#### Data below:
┌──
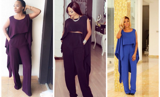 Toke Makinwa, Freda Francis and Dabota Lawson all rocked this cape style Beryl blouse and wide leg trousers by Wannifuga designs.
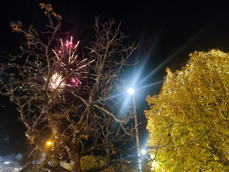 Τα δεκάδες βεγγαλικά που ακολούθησαν την φωταγώγηση του δέντρου, πρόσφεραν στον τρικαλινό ουρανό ενα εντυπωσιακό όσο και φαντασμαγορική θέαμα, που απόλαυσε ο κόσμος που είχε συγκεντρωθεί στη πλατεία.
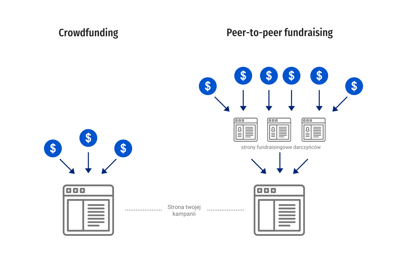 Kolejnym, wyraźnie zauważalnym trendem jest fundraising „rówieśniczy”, „równoległy”, bo nie ma chyba dobrej polskiej nazwy na peer-to-peer. Idea tego sposobu pozyskiwania funduszy polega na inspirowaniu fanów i fanek organizacji do samodzielnego organizowania zbiórek pieniędzy, najczęściej wśród członków rodziny i przyjaciół. Dzieje się to przy okazji wydarzeń osobistych, np. urodzin – urodzinowe zbiórki na Facebooku organizowane przez sympatyków i sympatyczki dla wielu organizacji stają się w ostatnim czasie zauważalnym źródłem przychodu. Dobrą okazją do zbiórek staje się udział w maratonach, biegach charytatywnych, a nawet organizacja własnego wesela. Taka forma fundraisingu bazuje na zaufaniu wśród najbliższych, co zwiększa skuteczność próśb o wsparcie.
└──
Write out exactly the opening lines of the data, stopping after the line that holds "Τα δεκάδες βεγγαλικά". Exclude pictures.

#### Exercise output:
 Toke Makinwa, Freda Francis and Dabota Lawson all rocked this cape style Beryl blouse and wide leg trousers by Wannifuga designs.
 Τα δεκάδες βεγγαλικά που ακολούθησαν την φωταγώγηση του δέντρου, πρόσφεραν στον τρικαλινό ουρανό ενα εντυπωσιακό όσο και φαντασμαγορική θέαμα, που απόλαυσε ο κόσμος που είχε συγκεντρωθεί στη πλατεία.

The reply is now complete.